__BRIEF__
Your task is to retype, exactly, the line containing "くまのこ検査技師塾 主催! 超音波検査士認定試験対策【血管領域】セミナー開講!" and every later line through the end of the listing, with pictures omitted.

__DATA BLOCK__
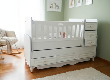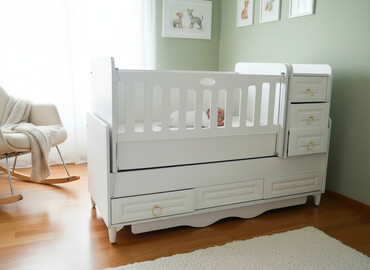 Bu model bir məkanda beşik, komod və saxlama bölmələrini birləşdirərək gündəlik istifadədə rahatlıq yaradır. Uşaq əşyalarını səliqəli toplamaq və beşiyə asan çıxış üçün ideal seçimdir.
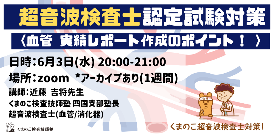くまのこ検査技師塾 主催! 超音波検査士認定試験対策【血管領域】セミナー開講! 最初の難関である実績レポート作成のポイントを、経験豊富な講師が解説します! 超音波検査士を目指す方は... powered by Peatix : More than a ticket.
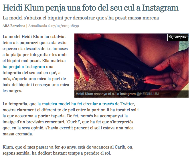 Però anem al que ens interessa: el Klum de la Heidi Cul… o era al revés? Si aquesta noia ha decidit retratar les seves natges és per l’intent de que les fotos estiuenques entrin en deflació. Un cop globalitzat el seu cul, les imatges perden valor en el mercat dels paparazzi. És com la paella. El primer dia pot estar bona, però menjar paella cada dia pot ser un turment.

__REPLY TO THE EXERCISE__
くまのこ検査技師塾 主催! 超音波検査士認定試験対策【血管領域】セミナー開講! 最初の難関である実績レポート作成のポイントを、経験豊富な講師が解説します! 超音波検査士を目指す方は... powered by Peatix : More than a ticket.
 Però anem al que ens interessa: el Klum de la Heidi Cul… o era al revés? Si aquesta noia ha decidit retratar les seves natges és per l’intent de que les fotos estiuenques entrin en deflació. Un cop globalitzat el seu cul, les imatges perden valor en el mercat dels paparazzi. És com la paella. El primer dia pot estar bona, però menjar paella cada dia pot ser un turment.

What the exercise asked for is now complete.